Today, coaching employees to drive business functions is routinely disregarded by most organisations. Why is this so?

Senior executives still operate with the old mind-set. Business functions are not task-driven, repetitive functions any more. These functions have become automated, while other functions needed to ‘get things done' have become complex. Senior executives need to re-design these functions to develop capabilities for growing tomorrow's business.

Some senior managers disregard the need to coach employees because they lack realistic management experience. Coaching is an integral part of core management skills — as every business school would teach.

Another section of managers have adequate management exposure, yet they do not want to take on the burden. Instead, they shift blame on the industry, location, customers or employees. “For a long time in my career I was led to believe the customer was the problem in sales. If he was not the issue, then we would blame the salesperson,” said Mr Raghuram, CEO of a leading business intelligence and data mining company.

How do some companies seem to motivate employees better than others? And these are invariably the same companies that perform consistently well in good times and bad. So what unexplained magical force wakes up their spirit every morning?

The answer turns out to be the way in which senior executives shape the work environment — a joint morning coffee break, the first 30-minute ritual, or something else. Here again, oddly enough, some CEOs unintentionally persuade unhealthy behaviour — gamesmanship. Others push the workforce to accept meaningless goals. Most expect outcomes that employees hardly understand, let alone know how to complete such tasks.

Crafted coaching drives motivation and long-term executive retention. Why is executive coaching important for talent retention? The end-result of focused handholding tells the whole story.

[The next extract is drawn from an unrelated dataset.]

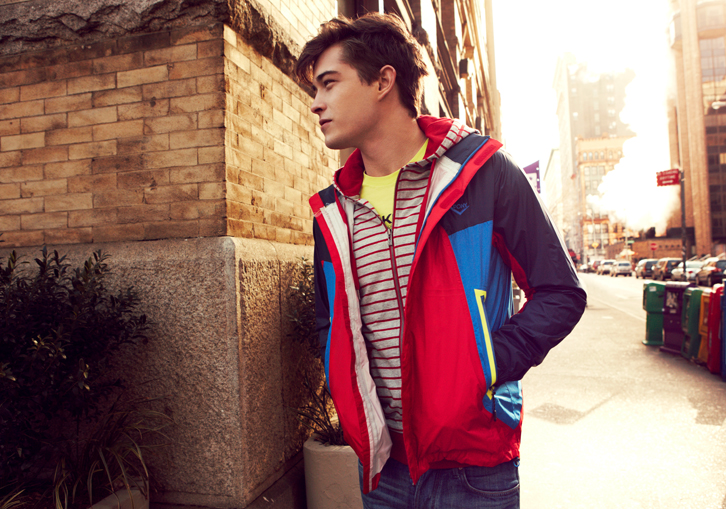 Young & Active–Photographed hitting the streets of New York City, models Francisco Lachowski and Lenz Von Johnston are in a dynamic and athletic mood for Pony’s spring/summer 2013 advertising campaign, captured by photographer Beau Grealy. Stylist Antonio Branco creates a sporty wardrobe where preppy inspired numbers blend with techno fabrics and performing garments, supporting the boys’ active lifestyle in the city.

Raghuram's old-style leadership approach had to undergo a complete change when he moved to a high-tech industry. A 15-month transformation process improved his attitude towards the employee's short and long-term welfare, the root-cause of employee motivation. With employee morale rising, it boosted Raghuram's confidence in achieving greater things for the company.

Responsible mentoring

“You should constantly develop employees at every level. When employees scrutinise every move, you have the opportunity to create followers and also help them grow along with you,” Raghuram recommends. This approach has paid off for the company — it has achieved 81 per cent employee retention over a seven-year period compared with 62 per cent across industry over the same period.

By virtue of his title, position, and compensation, an executive takes up the implicit responsibility to coach others. Executives need to be present when their employees need direction, demonstrate commitment, formulate a growth path for each of the team members, and help the member reach his or her full potential.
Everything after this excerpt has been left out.